Sunday, April 25, 2010

Economic growth v environmental protection

Should our first priority be worldwide economic growth or reducing the rate of global warming?

This is increasingly seen as a major dilemma facing the world today. Population growth and economic expansion may lead to greater emissions of gases which are harmful to the future of our planet.

Is worldwide economic growth a good thing? In general, it undoubtedly is. It’s a perfectly natural and reasonable ambition for people living in remote rural impoverishment to want to better themselves by moving to towns and cities where they can get better-paid jobs and so raise their living standards. People naturally want to improve life chances for themselves and their families. Globalisation is often demonised these days but if it means more children growing up with better access to schools and health care then surely it is a good thing. Economics, after all, is not a zero-sum equation.

On the other hand, many scientists warn that continued population growth and economic expansion worldwide will mean more greenhouse gases which will lead to global warming and a real threat to the future of our planet. China and India, both countries with over 1 billion people, have seen massive economic growth in recent years and this usually means ever-greater greenhouse gas emissions: China’s massive coal industry is an excellent example.
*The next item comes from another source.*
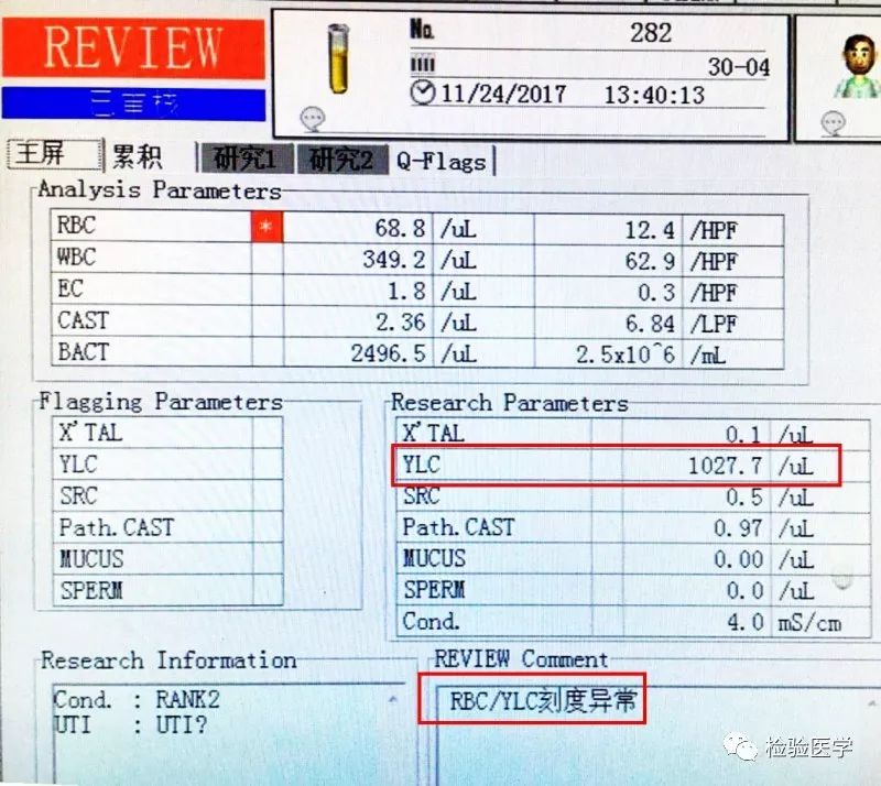 尿常规报告一般由尿液干化学检查结果+有形成分检查结果两部分组成,由于二者有些报告参数具有相似的临床意义,而检测的成分及原理却不同,因此常出现结果相互矛盾的情况。本文介绍的案例就是日常工作中比较常见的尿干化学血红蛋白与有形成分红细胞计数结果明显不符的情况。除此之外,还有白细胞酯酶与白细胞计数不符、蛋白与管型不符等。 患者女,93岁,急诊拟“呼吸衰竭”收治入院,入院后反复高热。尿常规检查仪器检测结果如下: 红细胞参数干化学与有形成分检测结果明显不符,提示镜检。 尿液干化学检查仪器各品牌检测原理基本相同,而尿液有形成分分析仪目前主要有流式细胞技术和数字影像技术两种技术平台(本实验室所用sysmex UF1000i属于流式细胞技术平台系列)。干化学和sysmex UF1000i仪器检测原理及二者常见结果不符原因如下。 1、干化学检测原理 尿干化学分析仪根据光电比色原理,通过多联试带上各种含特殊试剂的模块与尿液中相应化学成分反应发生的颜色变化,测定尿液中相应物质的含量。 2、sysmex UF1000i检测原理 利用半导体激光束照射经过荧光染色后在分析池中形成的鞘流样本,通过对各粒子产生的前向散射光、侧向散射光以及侧向荧光信号进行综合分析,从而对各个粒子进行识别,并作出红细胞、白细胞、细菌、管型等的定量报告。 3、临床常见结果不符可能原因 尿常规检查,当干化学与有形成分分析仪器检测结果明显不符时,要分别对干化学结果和有形成分检测结果进行原因分析,与此同时还要结合患者临床信息进行思考。在本案例中,笔者在审核尿常规报告时注意到,患者为老年女性,诊断:呼吸衰竭。 首先想到,这种情况患者常需要绝对卧床,为缓解尿潴留及减少并发症,方便护理及统计出入量,常需要留置导尿管排尿。经lis系统查看医嘱,患者确实已使用导尿管3天之久。众所周知,留置导尿管时间越长,发生尿路感染的可能性越大。结合尿液仪器检测结果干化学和有形成分白细胞参数均提示阳性(+++),初步判断患者因使用导尿管过久导至尿路感染可能。 其次,考虑到患者为危重症病人、年龄较大、机体免疫力低下,并且UF 1000i也报告研究参数YLC(酵母菌),结果为(1027.7/ul) (图1),进而怀疑患者可能并发了真菌感染。干化学血红蛋白与有形成分红细胞计数结果明显不符可能是由于真菌孢子干扰所致。 此外,也可能是药物因素引起干化学血红蛋白的假阴性,但在患者用药医嘱中,并没有发现使用会导至尿干化学血红蛋白假阴性的药物。对标本进行离心取沉渣显微镜检查,镜检结果:RBC 1~3/HP、WBC 50~60/HP、酵母样真菌++/HP(图2)。证实患者尿液干化学血红蛋白与有形成分红细胞计数结果不符是由于真菌孢子干扰所致。另外,我们发现患者亚硝酸盐结果阴性与尿路感染不符,是因为革兰阳性菌(如肠球菌)和酵母菌一般不能将硝酸盐转化为亚硝酸盐,故阴性结果不能排除泌尿系统感染的可能。随后患者中段尿细菌/真菌培养和鉴定,细菌结果:屎肠球菌,真菌结果:光滑念珠菌。 图1 UF 1000i标本检测结果界面 图2 尿沉渣显微镜镜检图片(×400) 随着自动化尿液分析仪的广泛应用,尿液检查的分析速度大大加快,且检测精密度高、生物安全性好,但不足之处是标本中含杂质较多时,有形成分难以准确识别、假阳性率高。因此,至今没有任何一种仪器能够完全代替人工显微镜检查,尿沉渣显微镜检查仍然是“金标准”。作为一名检验人员,在尿液检查时,不仅要掌握实验的规范操作,对于尿液中各种有形成分的形态特征、出现假阳性或假阴性结果的干扰因素以及仪器的性能也要十分熟悉。此外,检验人员还应具备一定的临床知识,能够将检验与临床结合,从患者的一些临床信息,初步判断结果异常的可能原因,从而有针对性的进行检验和处理,切实为临床提供准确、有价值的检验诊断报告。 (1)应用抗生素治疗引起正常菌丛失调,尤其是长期大量应用广谱抗生素时。 (2)激素、免疫抑制药的使用以及肿瘤患者行放射治疗和(或)化疗,使机体的防御功能减弱。 (3)留置导尿管,尿路畸形等尿路局部抵抗力下降。 (4)慢性严重疾病致使体质极度虚弱。 (5)糖尿病患者,抗念珠菌的功能降低,当血糖>8.34mmol/L(150mg/dl)时,念珠菌生长率提高。 (6)尿pH:念珠菌生长的适宜pH是5.1~6.4,正常尿液呈酸性,有利于念珠菌生长。 参考文献: [1] 牛之霞.真菌性尿路感染的发病机制与诊断标准[J].中国处方药,2014,12(04):144. [2] 王小明,张永根,廖洁.留置导尿危重症患者真菌性尿路感染分析[J].实验与检验医学,2012,30(01):55-56. [3] Carol A. Kauffman. Diagnosis and Management of Fungal Urinary Tract Infection[J]. Infectious Disease Clinics of North America,2014,28(1). 说明:本文为中华检验医学网、检验医学微信公众平台全网首发 |

Scientists may disagree about the rates of global warming and about how far it is man-made, but the existence of the danger seems inescapable.

There thus seems to be an intractable dilemma facing our contemporary world: human betterment versus global disaster. The desire for economic growth and higher living standards is both natural and hard to deny. There are those, however, who say that if population growth and economic expansion continue unabated, the whole world is doomed.